-- Task requirements --
What you return must match the listing exactly, with every image removed.

-- Source material --
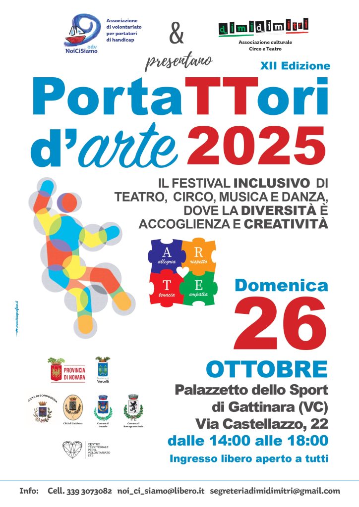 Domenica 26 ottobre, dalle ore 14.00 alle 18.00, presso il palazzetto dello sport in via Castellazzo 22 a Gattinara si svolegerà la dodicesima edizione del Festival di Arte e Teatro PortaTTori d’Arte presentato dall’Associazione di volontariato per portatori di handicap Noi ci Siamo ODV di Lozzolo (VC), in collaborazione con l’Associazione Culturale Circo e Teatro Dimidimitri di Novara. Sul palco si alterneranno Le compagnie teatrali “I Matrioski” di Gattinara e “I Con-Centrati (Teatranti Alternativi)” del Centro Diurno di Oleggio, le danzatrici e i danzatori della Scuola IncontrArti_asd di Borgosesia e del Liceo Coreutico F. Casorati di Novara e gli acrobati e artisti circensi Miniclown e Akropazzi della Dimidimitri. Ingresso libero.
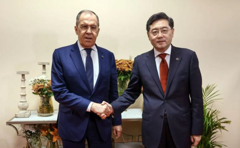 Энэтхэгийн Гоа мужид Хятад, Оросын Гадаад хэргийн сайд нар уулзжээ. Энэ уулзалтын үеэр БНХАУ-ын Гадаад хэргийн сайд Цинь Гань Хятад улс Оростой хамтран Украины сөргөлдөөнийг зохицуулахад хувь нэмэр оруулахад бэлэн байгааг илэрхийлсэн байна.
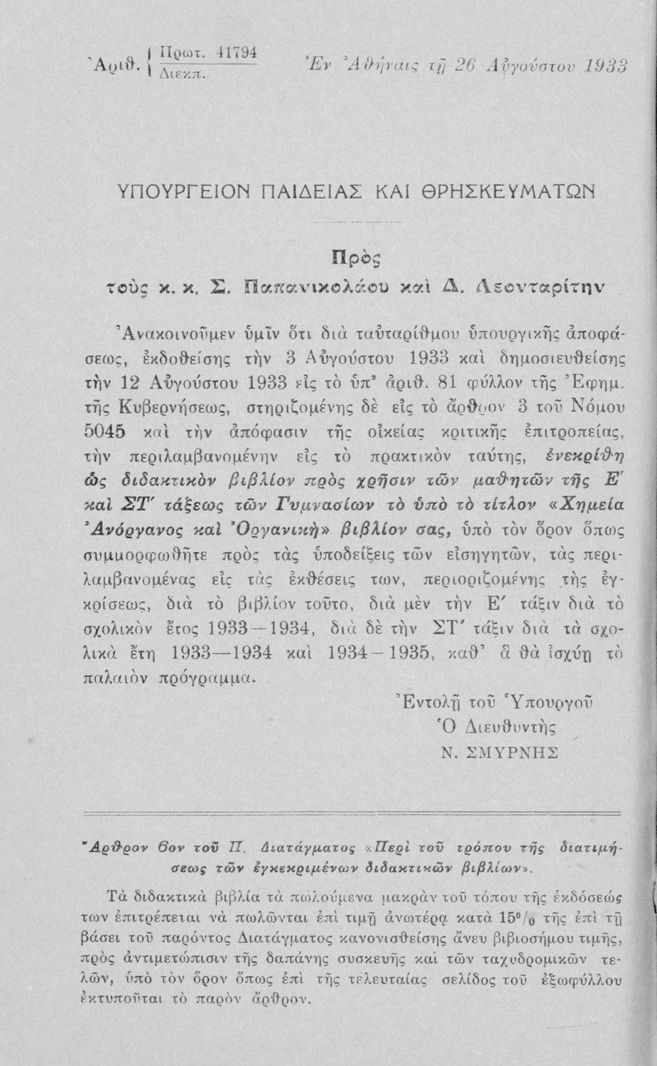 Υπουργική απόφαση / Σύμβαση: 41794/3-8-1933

-- Response --
 Domenica 26 ottobre, dalle ore 14.00 alle 18.00, presso il palazzetto dello sport in via Castellazzo 22 a Gattinara si svolegerà la dodicesima edizione del Festival di Arte e Teatro PortaTTori d’Arte presentato dall’Associazione di volontariato per portatori di handicap Noi ci Siamo ODV di Lozzolo (VC), in collaborazione con l’Associazione Culturale Circo e Teatro Dimidimitri di Novara. Sul palco si alterneranno Le compagnie teatrali “I Matrioski” di Gattinara e “I Con-Centrati (Teatranti Alternativi)” del Centro Diurno di Oleggio, le danzatrici e i danzatori della Scuola IncontrArti_asd di Borgosesia e del Liceo Coreutico F. Casorati di Novara e gli acrobati e artisti circensi Miniclown e Akropazzi della Dimidimitri. Ingresso libero.
 Энэтхэгийн Гоа мужид Хятад, Оросын Гадаад хэргийн сайд нар уулзжээ. Энэ уулзалтын үеэр БНХАУ-ын Гадаад хэргийн сайд Цинь Гань Хятад улс Оростой хамтран Украины сөргөлдөөнийг зохицуулахад хувь нэмэр оруулахад бэлэн байгааг илэрхийлсэн байна.
 Υπουργική απόφαση / Σύμβαση: 41794/3-8-1933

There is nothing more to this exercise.